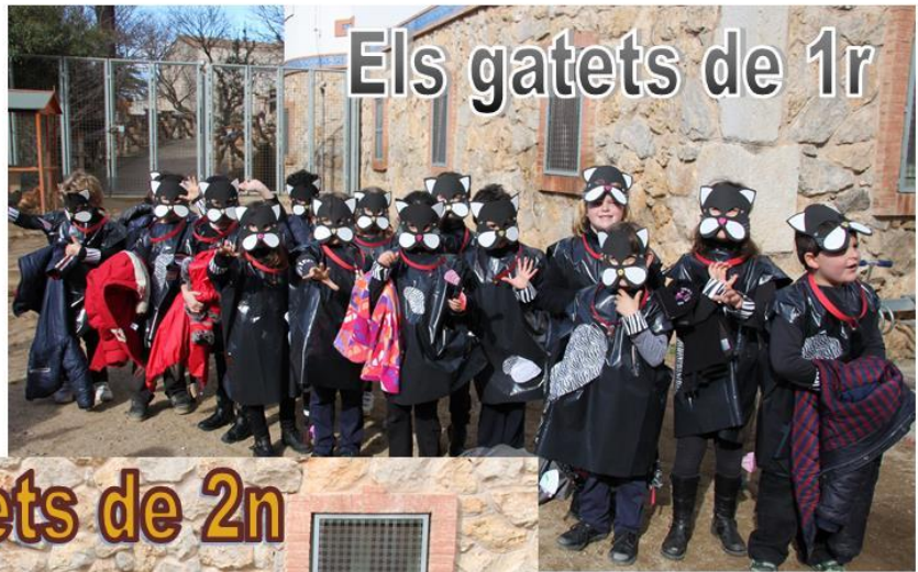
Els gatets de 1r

...

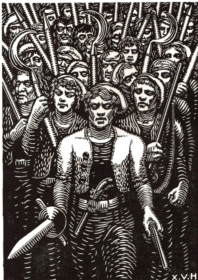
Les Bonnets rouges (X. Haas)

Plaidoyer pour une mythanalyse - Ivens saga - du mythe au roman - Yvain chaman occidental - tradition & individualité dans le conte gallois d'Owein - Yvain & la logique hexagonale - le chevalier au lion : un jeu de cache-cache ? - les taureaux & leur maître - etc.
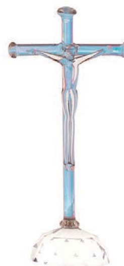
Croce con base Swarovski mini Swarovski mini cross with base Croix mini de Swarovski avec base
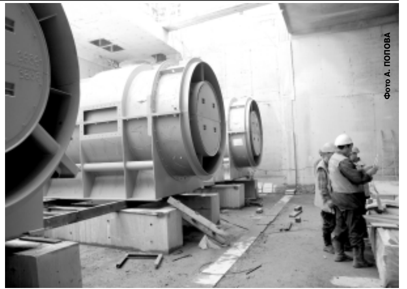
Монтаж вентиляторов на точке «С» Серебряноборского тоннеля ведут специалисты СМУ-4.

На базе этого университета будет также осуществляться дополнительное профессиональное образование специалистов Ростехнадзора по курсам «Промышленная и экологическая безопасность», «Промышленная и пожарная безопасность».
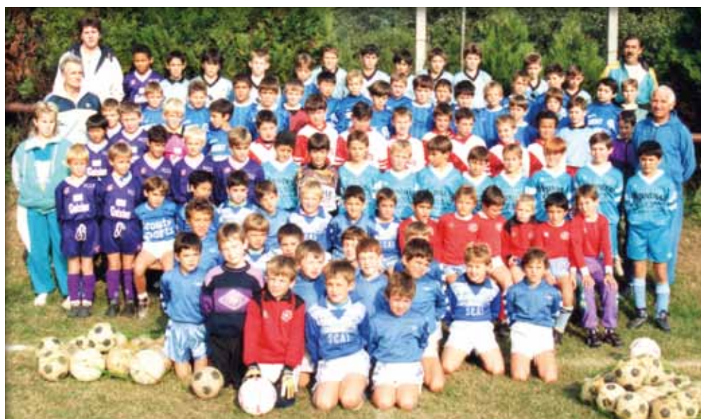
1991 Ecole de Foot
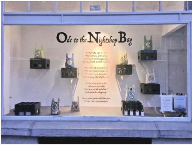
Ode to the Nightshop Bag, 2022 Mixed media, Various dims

* _Task to carry out_: Give back exactly the lines above, from the line containing "Les Bonnets rouges (X. Haas)" through the line containing "Plaidoyer pour une", with both end lines and nothing more.

* _Response for this exercise_:
Les Bonnets rouges (X. Haas)

Plaidoyer pour une mythanalyse - Ivens saga - du mythe au roman - Yvain chaman occidental - tradition & individualité dans le conte gallois d'Owein - Yvain & la logique hexagonale - le chevalier au lion : un jeu de cache-cache ? - les taureaux & leur maître - etc.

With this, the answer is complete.